**To do**
Look below for the line with "Cilegon - Personil Unit"; begin the copy there and stop after the line with "玉入れや旗揚げ等おこなわれま", keeping the text exact and the pictures out.

**Provided data**
....................

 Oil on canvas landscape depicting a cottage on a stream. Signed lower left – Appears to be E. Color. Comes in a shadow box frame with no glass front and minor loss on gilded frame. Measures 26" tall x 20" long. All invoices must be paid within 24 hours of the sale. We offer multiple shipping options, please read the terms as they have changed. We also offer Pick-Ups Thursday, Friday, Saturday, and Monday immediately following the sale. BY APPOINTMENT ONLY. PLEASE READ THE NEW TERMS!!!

....................

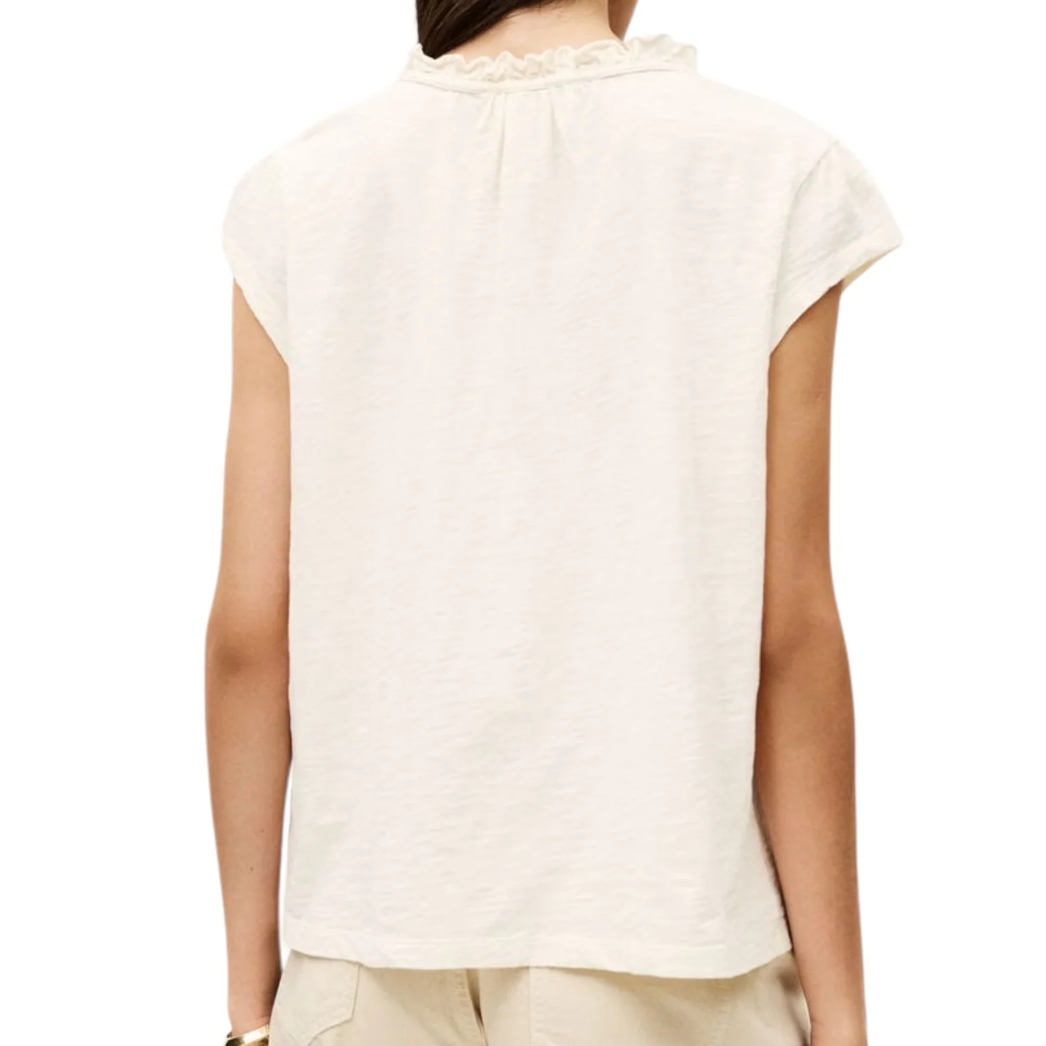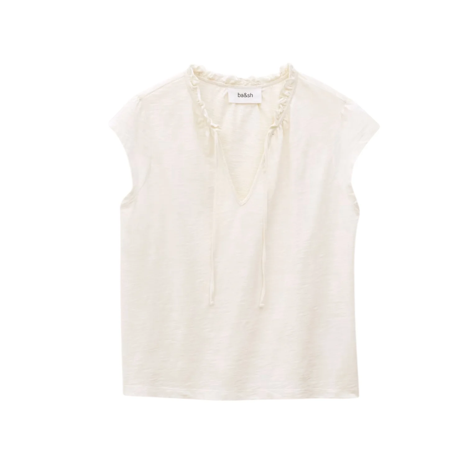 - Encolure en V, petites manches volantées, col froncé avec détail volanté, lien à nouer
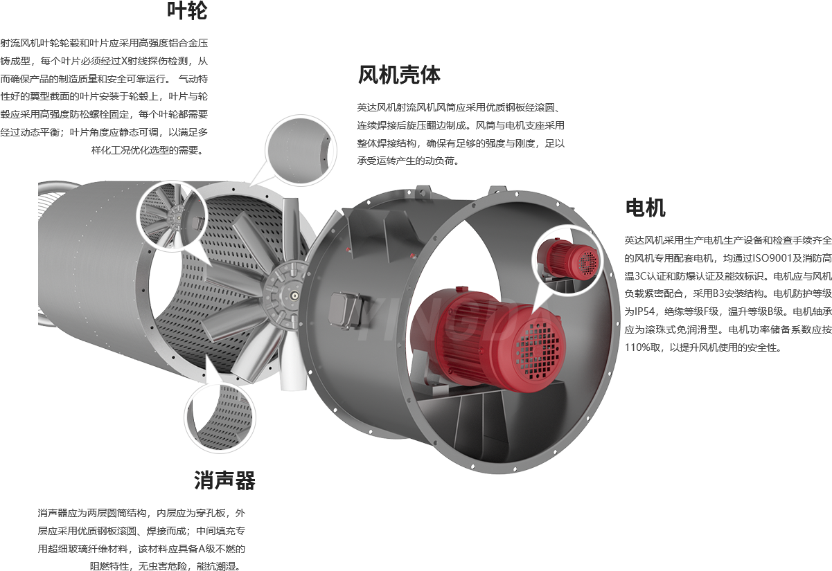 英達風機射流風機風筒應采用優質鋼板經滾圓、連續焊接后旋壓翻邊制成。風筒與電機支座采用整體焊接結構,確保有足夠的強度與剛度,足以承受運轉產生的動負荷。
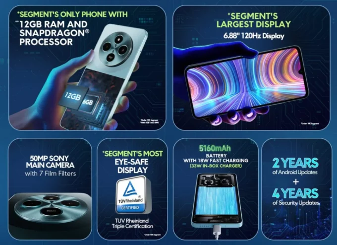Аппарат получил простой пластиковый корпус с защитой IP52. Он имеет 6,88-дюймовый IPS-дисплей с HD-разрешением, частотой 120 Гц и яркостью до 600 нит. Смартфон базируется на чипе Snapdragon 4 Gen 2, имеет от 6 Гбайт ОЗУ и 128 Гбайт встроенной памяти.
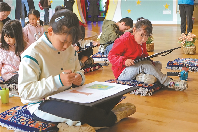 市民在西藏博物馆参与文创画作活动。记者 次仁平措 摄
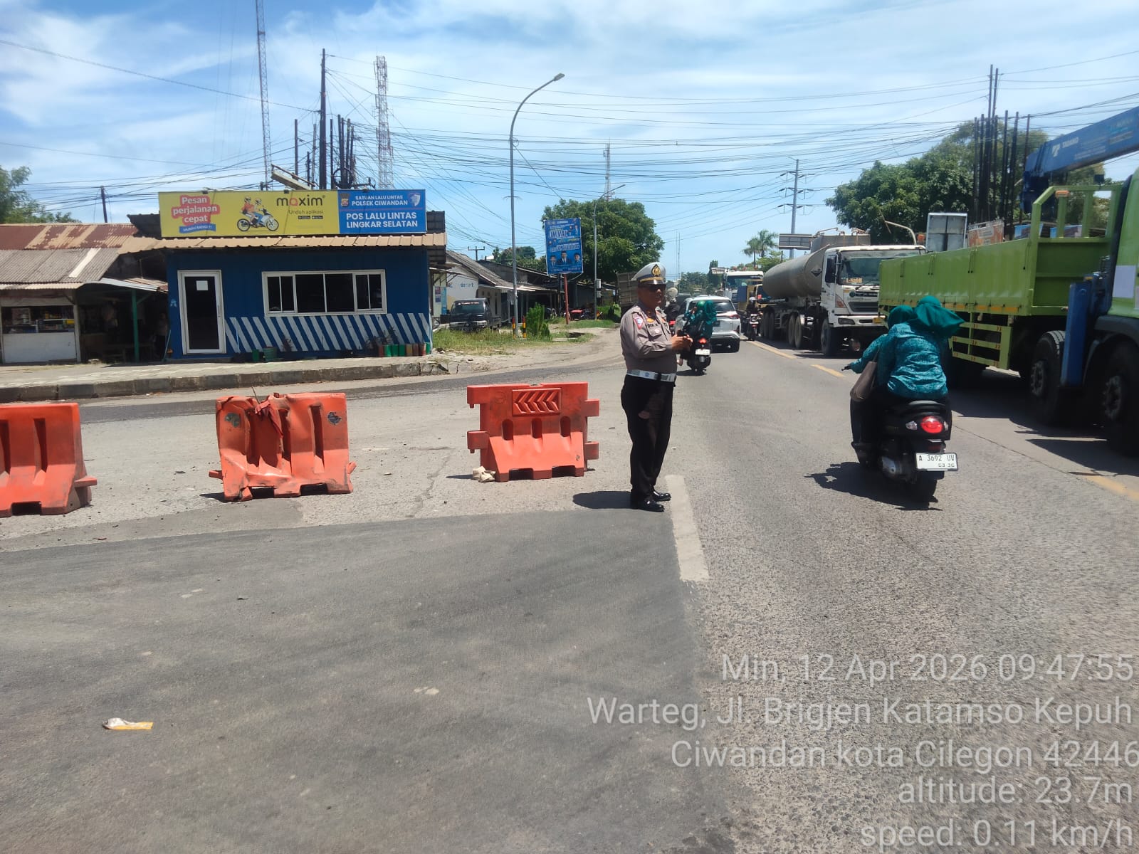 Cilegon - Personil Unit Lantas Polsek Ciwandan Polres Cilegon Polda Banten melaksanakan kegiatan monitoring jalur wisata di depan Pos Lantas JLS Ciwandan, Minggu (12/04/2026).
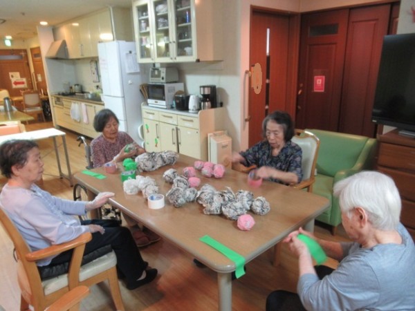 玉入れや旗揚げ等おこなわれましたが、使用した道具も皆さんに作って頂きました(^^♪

....................

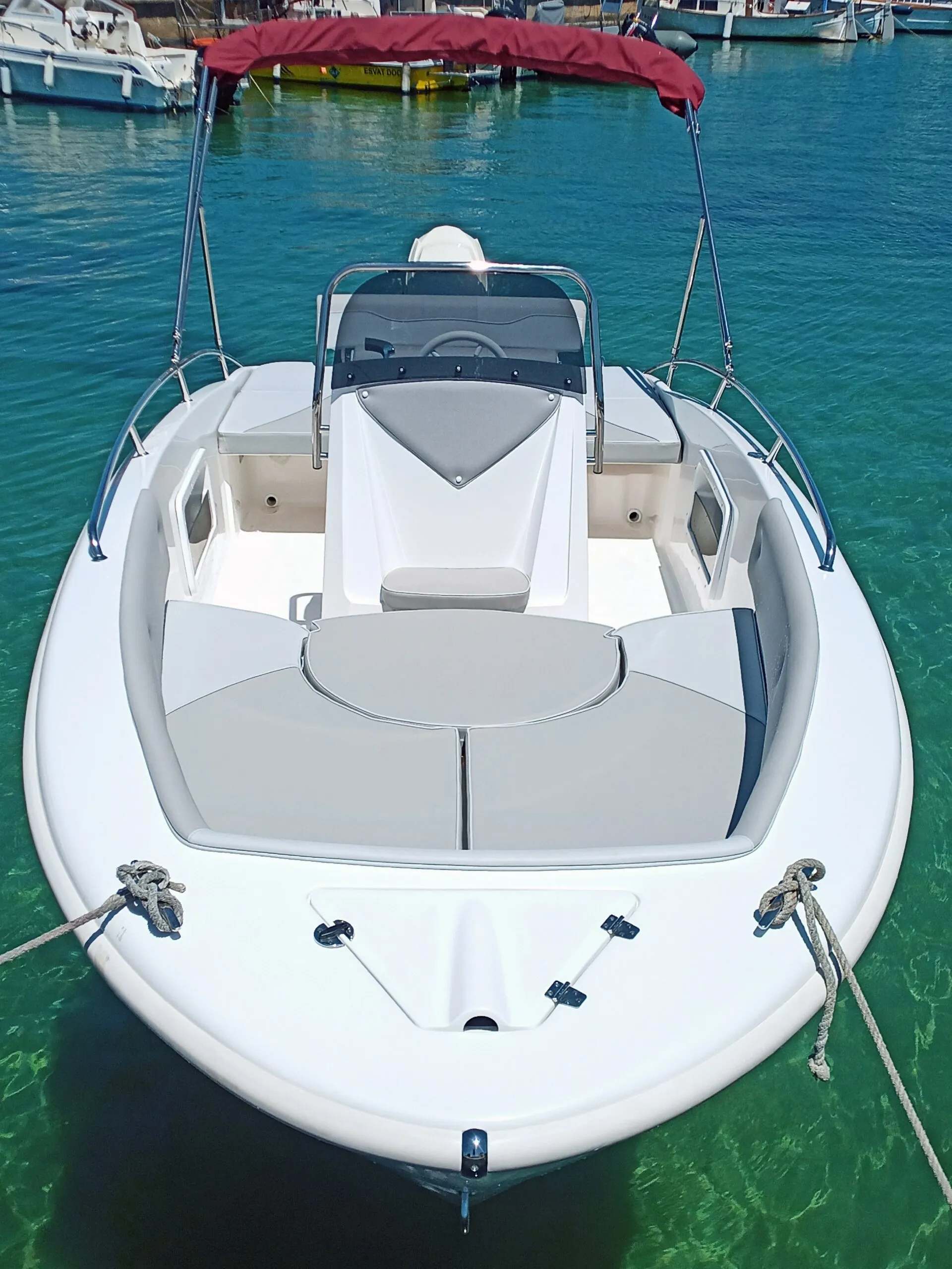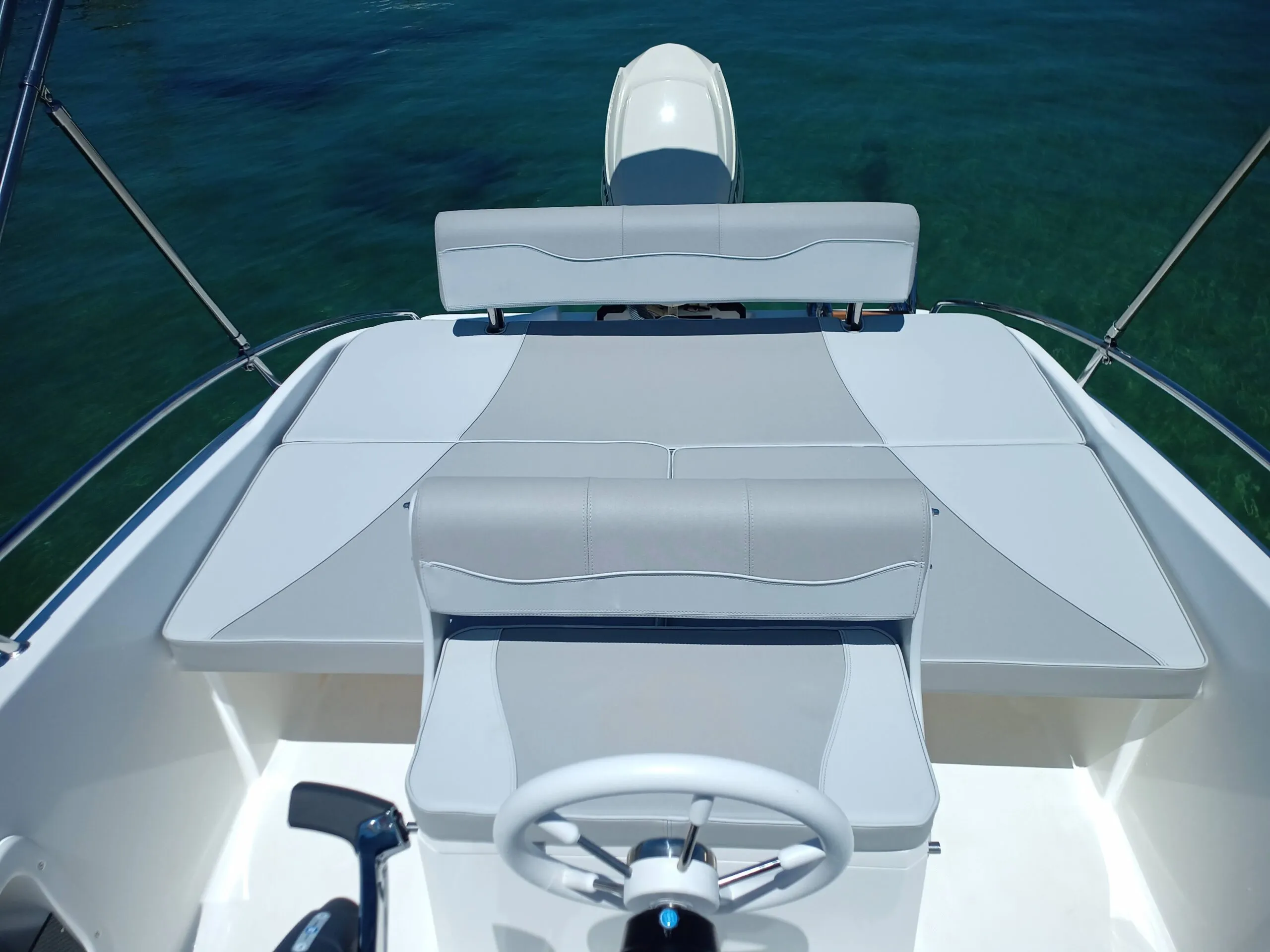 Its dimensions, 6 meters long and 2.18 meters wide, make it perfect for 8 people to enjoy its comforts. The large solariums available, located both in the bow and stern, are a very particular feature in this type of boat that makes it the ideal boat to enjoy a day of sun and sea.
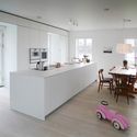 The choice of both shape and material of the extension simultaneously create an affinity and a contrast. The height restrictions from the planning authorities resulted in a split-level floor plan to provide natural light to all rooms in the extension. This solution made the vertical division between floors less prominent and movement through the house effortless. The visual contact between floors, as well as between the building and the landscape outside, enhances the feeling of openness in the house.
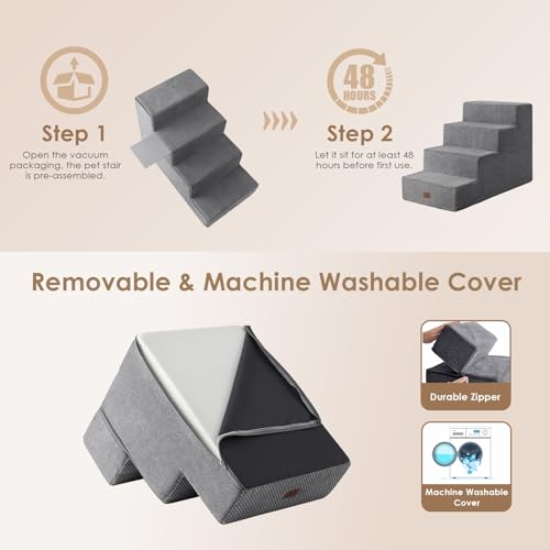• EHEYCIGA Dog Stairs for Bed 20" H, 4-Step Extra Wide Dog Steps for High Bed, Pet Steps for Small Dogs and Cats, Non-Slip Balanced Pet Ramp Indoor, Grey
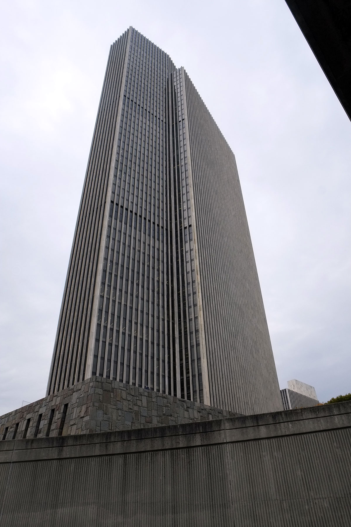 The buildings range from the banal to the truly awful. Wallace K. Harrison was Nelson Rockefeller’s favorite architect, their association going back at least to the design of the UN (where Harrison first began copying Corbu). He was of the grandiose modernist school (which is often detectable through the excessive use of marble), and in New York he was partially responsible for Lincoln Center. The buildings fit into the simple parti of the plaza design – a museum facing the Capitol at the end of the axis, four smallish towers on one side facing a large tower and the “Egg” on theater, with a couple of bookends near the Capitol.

....................

**Written solution**
 Cilegon - Personil Unit Lantas Polsek Ciwandan Polres Cilegon Polda Banten melaksanakan kegiatan monitoring jalur wisata di depan Pos Lantas JLS Ciwandan, Minggu (12/04/2026).
 玉入れや旗揚げ等おこなわれましたが、使用した道具も皆さんに作って頂きました(^^♪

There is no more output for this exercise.